*** INFORMATION SHOWN Section Begins ***
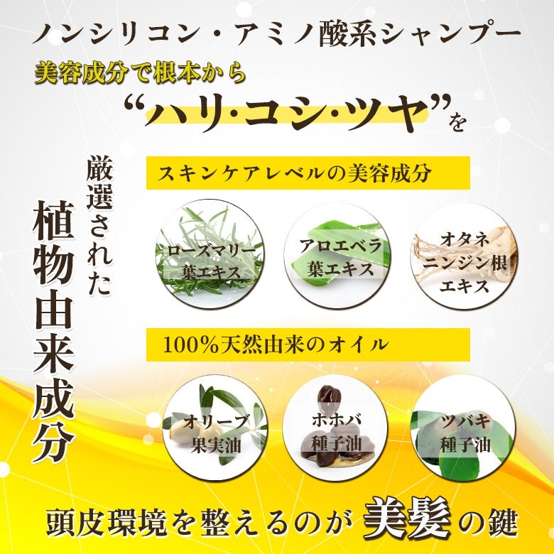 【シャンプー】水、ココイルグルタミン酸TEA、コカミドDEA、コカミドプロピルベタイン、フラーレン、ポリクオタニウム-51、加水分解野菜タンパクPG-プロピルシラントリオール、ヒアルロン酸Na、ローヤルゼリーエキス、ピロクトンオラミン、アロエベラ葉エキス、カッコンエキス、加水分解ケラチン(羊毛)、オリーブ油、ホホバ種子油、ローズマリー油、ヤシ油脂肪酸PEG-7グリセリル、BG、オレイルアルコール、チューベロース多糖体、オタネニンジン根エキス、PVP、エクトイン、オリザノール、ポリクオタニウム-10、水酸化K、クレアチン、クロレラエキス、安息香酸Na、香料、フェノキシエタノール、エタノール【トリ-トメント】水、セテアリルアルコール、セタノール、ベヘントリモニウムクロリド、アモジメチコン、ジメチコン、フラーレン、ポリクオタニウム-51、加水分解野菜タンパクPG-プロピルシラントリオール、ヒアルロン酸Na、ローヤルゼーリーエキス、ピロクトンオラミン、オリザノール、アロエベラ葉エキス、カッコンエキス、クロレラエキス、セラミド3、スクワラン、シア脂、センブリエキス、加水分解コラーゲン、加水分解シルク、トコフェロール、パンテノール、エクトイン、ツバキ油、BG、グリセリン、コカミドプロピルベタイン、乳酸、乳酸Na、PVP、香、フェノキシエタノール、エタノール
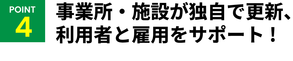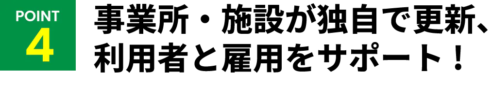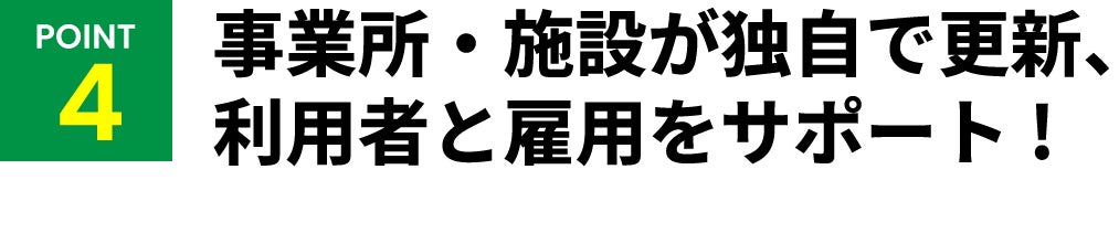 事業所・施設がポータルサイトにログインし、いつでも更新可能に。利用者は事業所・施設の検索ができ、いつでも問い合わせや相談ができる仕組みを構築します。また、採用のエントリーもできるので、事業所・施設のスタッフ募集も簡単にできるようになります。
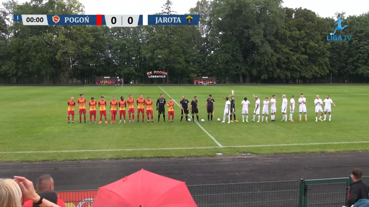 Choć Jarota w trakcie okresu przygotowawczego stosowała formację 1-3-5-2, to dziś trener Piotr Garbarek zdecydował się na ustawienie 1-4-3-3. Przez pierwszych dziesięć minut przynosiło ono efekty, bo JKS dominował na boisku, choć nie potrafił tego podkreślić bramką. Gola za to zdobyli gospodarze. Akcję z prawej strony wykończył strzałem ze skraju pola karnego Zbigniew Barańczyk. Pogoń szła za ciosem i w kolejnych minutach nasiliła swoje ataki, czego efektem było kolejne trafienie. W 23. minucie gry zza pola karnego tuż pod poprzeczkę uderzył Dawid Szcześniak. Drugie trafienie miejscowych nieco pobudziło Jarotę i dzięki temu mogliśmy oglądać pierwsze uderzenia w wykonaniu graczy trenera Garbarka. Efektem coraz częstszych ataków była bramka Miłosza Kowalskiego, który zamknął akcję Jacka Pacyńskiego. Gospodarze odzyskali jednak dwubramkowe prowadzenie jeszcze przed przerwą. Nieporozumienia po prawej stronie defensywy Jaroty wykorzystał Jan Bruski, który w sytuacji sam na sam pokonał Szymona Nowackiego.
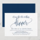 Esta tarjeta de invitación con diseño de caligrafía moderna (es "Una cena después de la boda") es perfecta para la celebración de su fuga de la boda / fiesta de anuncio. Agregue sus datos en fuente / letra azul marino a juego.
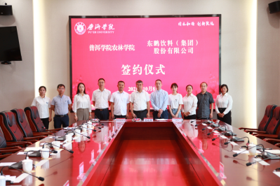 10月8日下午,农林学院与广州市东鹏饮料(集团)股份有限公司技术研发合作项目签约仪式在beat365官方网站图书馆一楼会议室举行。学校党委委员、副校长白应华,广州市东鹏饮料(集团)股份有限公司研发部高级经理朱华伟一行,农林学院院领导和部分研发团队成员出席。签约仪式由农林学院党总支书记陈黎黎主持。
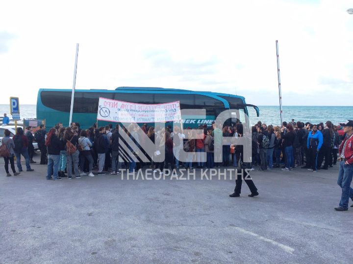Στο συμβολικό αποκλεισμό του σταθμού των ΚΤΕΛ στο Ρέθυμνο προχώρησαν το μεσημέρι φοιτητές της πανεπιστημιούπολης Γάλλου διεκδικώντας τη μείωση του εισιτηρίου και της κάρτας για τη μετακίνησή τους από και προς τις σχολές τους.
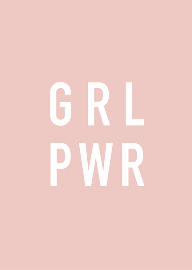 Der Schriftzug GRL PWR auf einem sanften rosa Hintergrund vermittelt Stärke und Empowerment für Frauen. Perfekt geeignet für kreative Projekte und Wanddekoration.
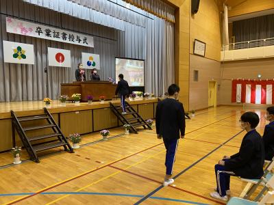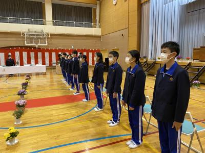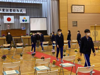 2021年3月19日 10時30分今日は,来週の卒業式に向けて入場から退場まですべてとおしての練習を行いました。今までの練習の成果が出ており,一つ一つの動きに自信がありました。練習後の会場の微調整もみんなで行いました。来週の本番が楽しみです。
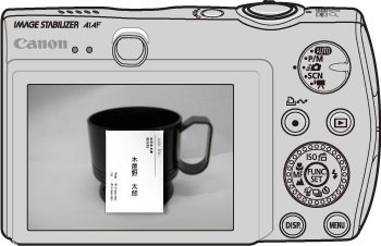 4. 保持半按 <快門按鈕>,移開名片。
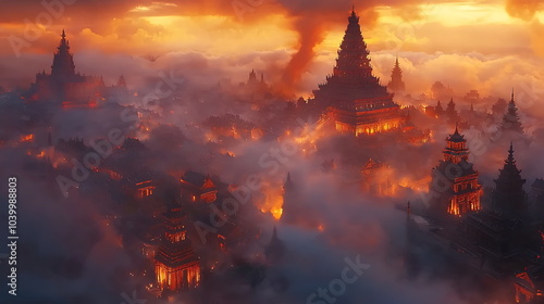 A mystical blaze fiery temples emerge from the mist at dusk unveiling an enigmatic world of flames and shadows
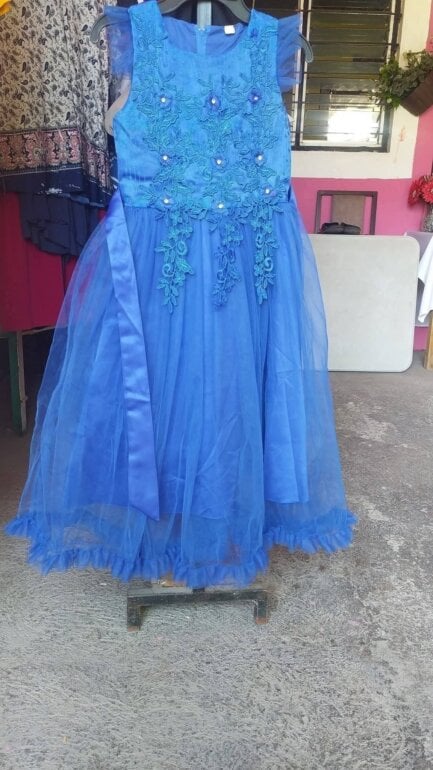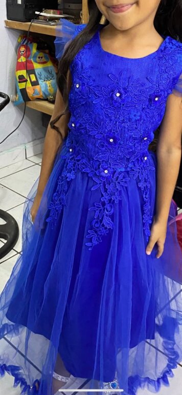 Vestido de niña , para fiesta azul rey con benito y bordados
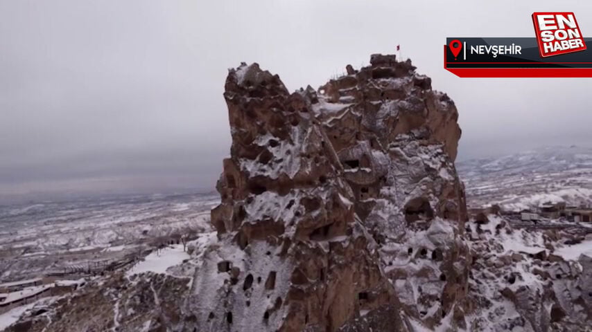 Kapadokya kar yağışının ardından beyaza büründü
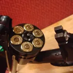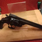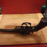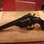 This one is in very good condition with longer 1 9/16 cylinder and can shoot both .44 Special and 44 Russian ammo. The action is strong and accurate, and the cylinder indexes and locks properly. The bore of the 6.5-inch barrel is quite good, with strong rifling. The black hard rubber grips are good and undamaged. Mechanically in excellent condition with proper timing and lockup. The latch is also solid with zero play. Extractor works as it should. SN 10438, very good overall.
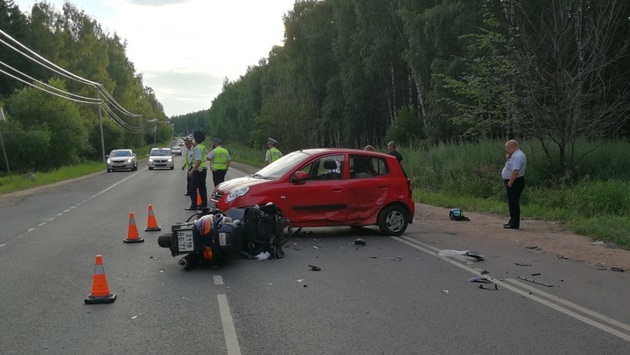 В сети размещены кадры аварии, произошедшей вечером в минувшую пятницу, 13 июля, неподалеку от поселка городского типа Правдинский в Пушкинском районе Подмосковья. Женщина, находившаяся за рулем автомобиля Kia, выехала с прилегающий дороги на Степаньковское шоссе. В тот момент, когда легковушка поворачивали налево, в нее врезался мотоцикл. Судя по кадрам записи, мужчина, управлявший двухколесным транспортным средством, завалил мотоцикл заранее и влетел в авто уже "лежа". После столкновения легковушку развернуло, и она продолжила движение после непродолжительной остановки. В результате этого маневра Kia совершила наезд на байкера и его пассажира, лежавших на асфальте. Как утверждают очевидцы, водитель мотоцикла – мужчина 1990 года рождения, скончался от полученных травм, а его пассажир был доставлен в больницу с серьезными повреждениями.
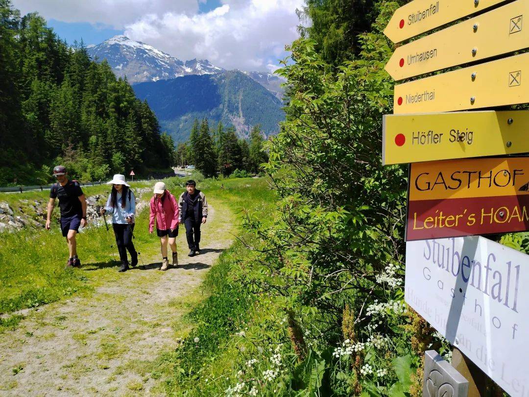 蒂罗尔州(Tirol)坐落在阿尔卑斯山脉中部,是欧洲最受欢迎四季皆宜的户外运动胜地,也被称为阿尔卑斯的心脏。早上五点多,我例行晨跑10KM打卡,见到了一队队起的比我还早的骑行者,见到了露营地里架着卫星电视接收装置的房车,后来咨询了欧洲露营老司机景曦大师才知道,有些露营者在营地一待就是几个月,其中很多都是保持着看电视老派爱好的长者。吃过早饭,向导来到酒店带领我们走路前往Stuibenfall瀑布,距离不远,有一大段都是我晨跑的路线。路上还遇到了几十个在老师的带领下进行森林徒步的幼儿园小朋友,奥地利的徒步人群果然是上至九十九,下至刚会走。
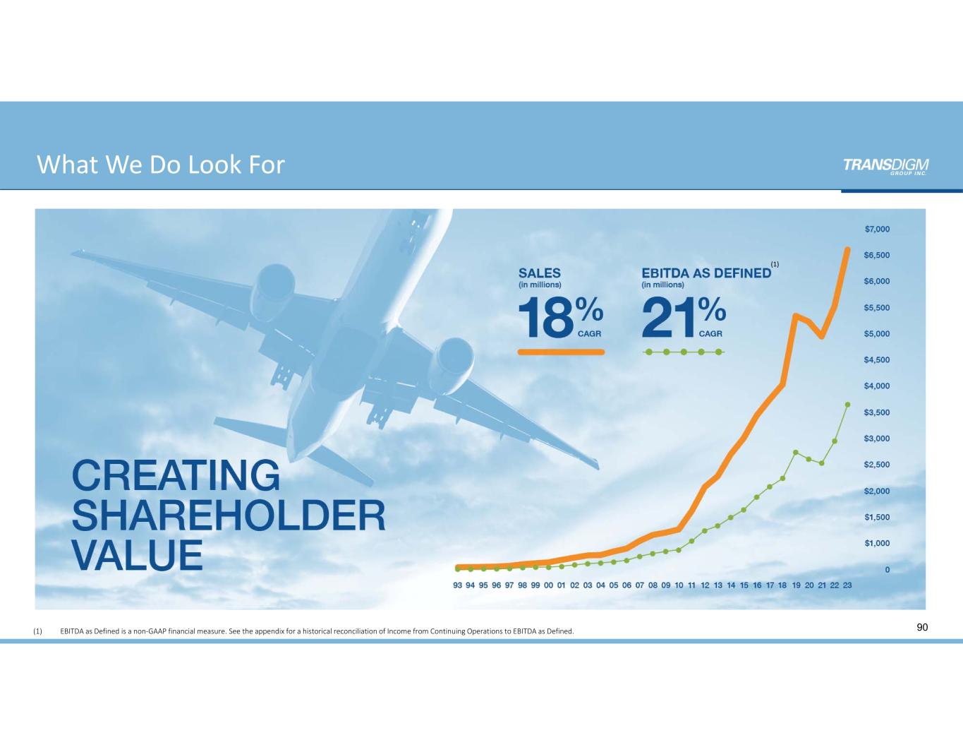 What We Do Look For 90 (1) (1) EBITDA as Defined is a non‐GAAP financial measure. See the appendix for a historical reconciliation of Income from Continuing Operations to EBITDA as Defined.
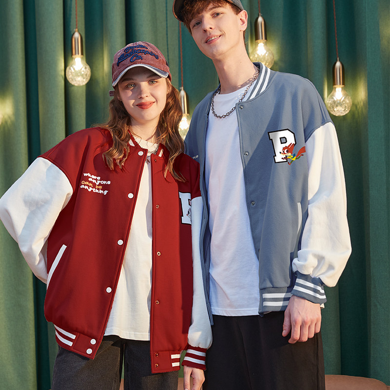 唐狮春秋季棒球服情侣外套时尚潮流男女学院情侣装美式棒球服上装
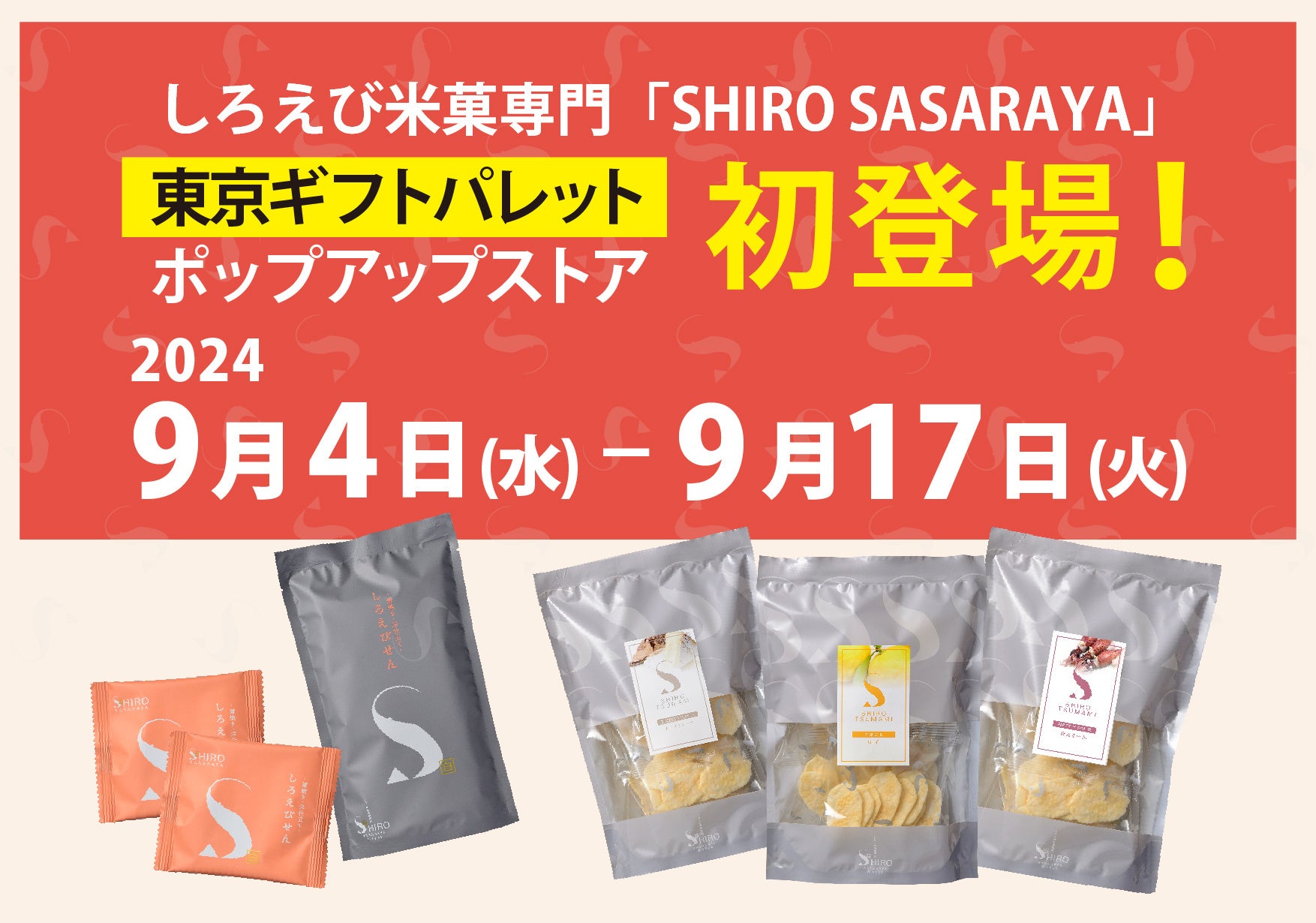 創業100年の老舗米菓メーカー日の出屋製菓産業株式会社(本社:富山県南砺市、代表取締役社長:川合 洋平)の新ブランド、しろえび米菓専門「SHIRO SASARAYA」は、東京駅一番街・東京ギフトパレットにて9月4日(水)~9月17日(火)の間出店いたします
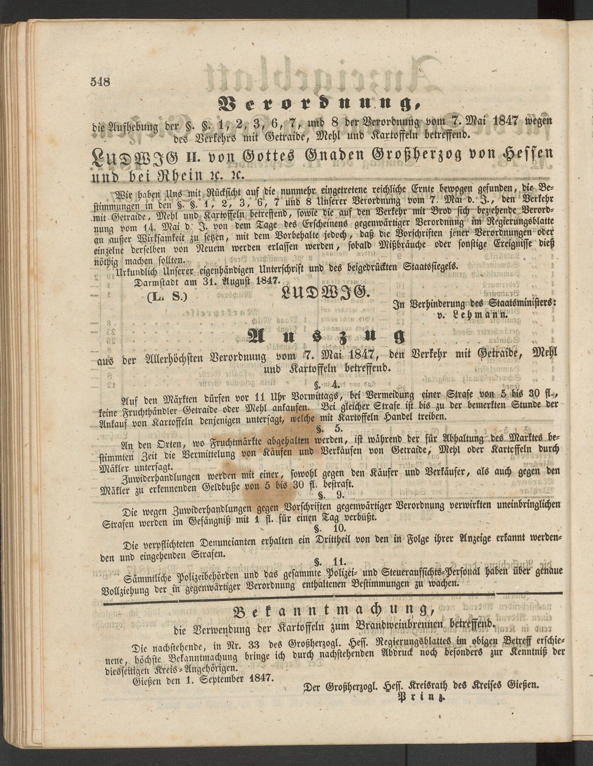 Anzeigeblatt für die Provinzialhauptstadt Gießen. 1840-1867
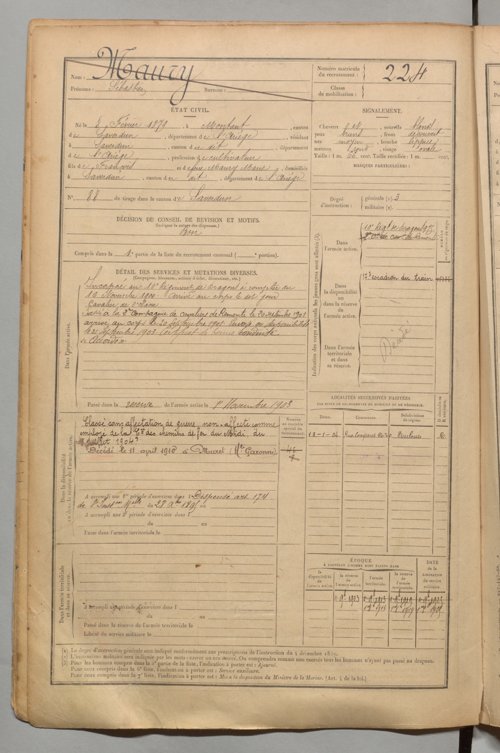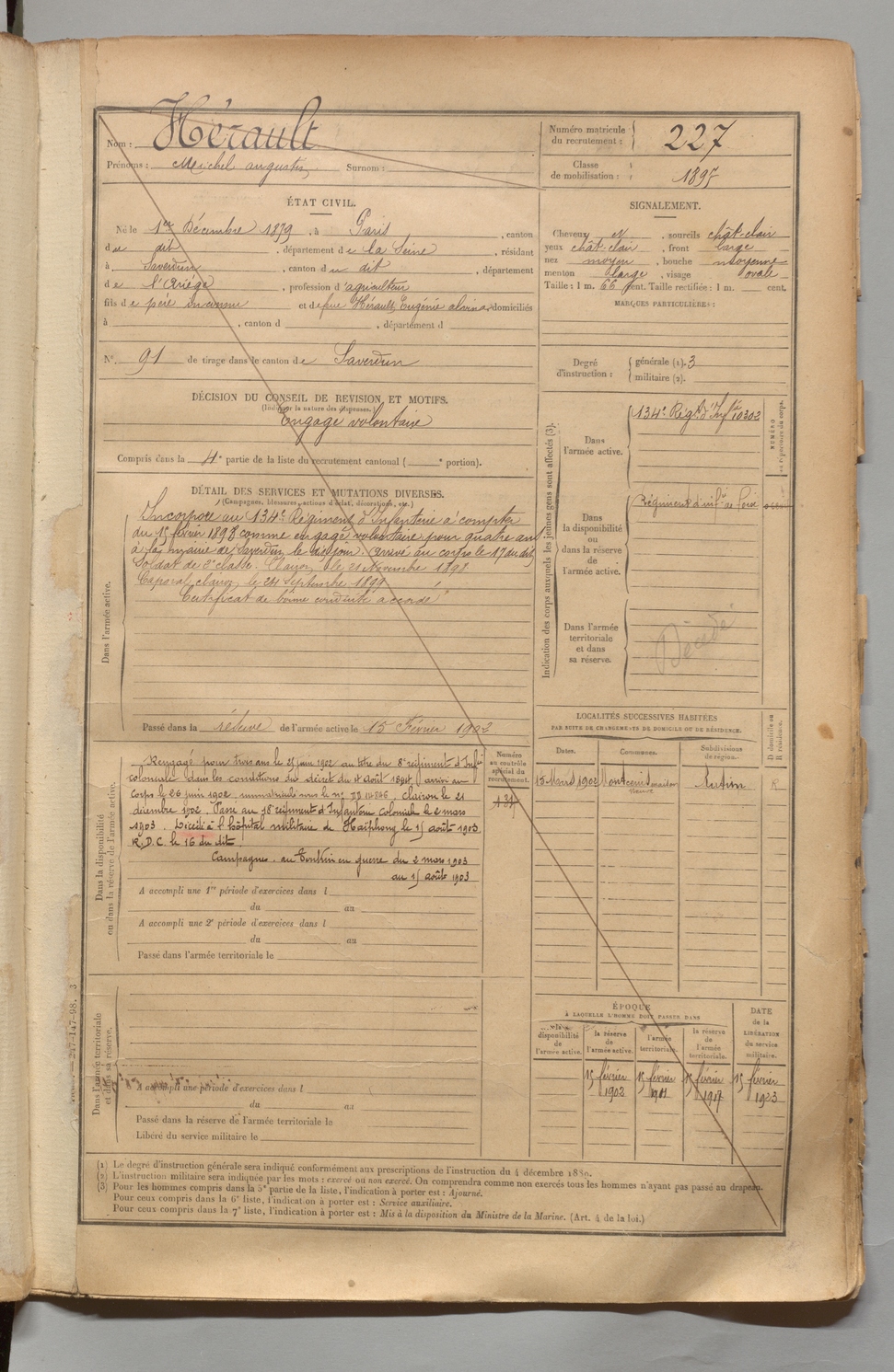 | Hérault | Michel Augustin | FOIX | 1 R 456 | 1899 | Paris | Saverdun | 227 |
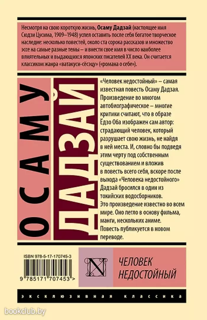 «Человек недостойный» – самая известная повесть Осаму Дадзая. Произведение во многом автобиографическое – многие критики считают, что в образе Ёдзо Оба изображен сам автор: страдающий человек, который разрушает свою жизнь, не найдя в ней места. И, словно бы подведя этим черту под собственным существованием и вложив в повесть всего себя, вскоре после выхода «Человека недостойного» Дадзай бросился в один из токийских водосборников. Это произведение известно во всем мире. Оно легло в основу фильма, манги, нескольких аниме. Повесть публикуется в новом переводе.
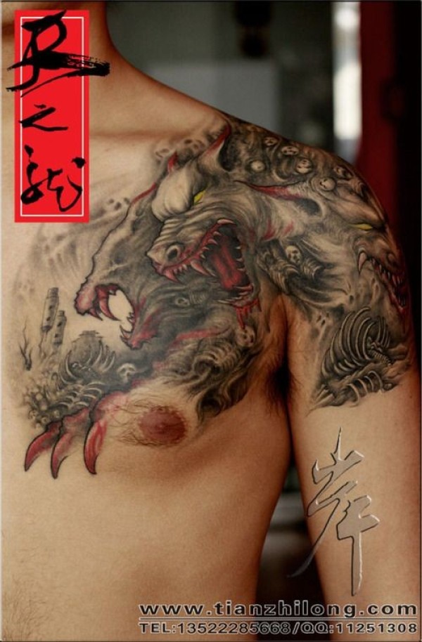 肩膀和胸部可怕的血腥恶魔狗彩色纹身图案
*** INFORMATION SHOWN Section Ends ***
- **YOUR OBJECTIVE**: Once you find the line containing "Anzeigeblatt für die", retype it and every line after it through the last line of the records above, exactly. Add nothing else, and leave out the pictures.

- **TASK ANSWER**:
 Anzeigeblatt für die Provinzialhauptstadt Gießen. 1840-1867
 | Hérault | Michel Augustin | FOIX | 1 R 456 | 1899 | Paris | Saverdun | 227 |
 «Человек недостойный» – самая известная повесть Осаму Дадзая. Произведение во многом автобиографическое – многие критики считают, что в образе Ёдзо Оба изображен сам автор: страдающий человек, который разрушает свою жизнь, не найдя в ней места. И, словно бы подведя этим черту под собственным существованием и вложив в повесть всего себя, вскоре после выхода «Человека недостойного» Дадзай бросился в один из токийских водосборников. Это произведение известно во всем мире. Оно легло в основу фильма, манги, нескольких аниме. Повесть публикуется в новом переводе.
 肩膀和胸部可怕的血腥恶魔狗彩色纹身图案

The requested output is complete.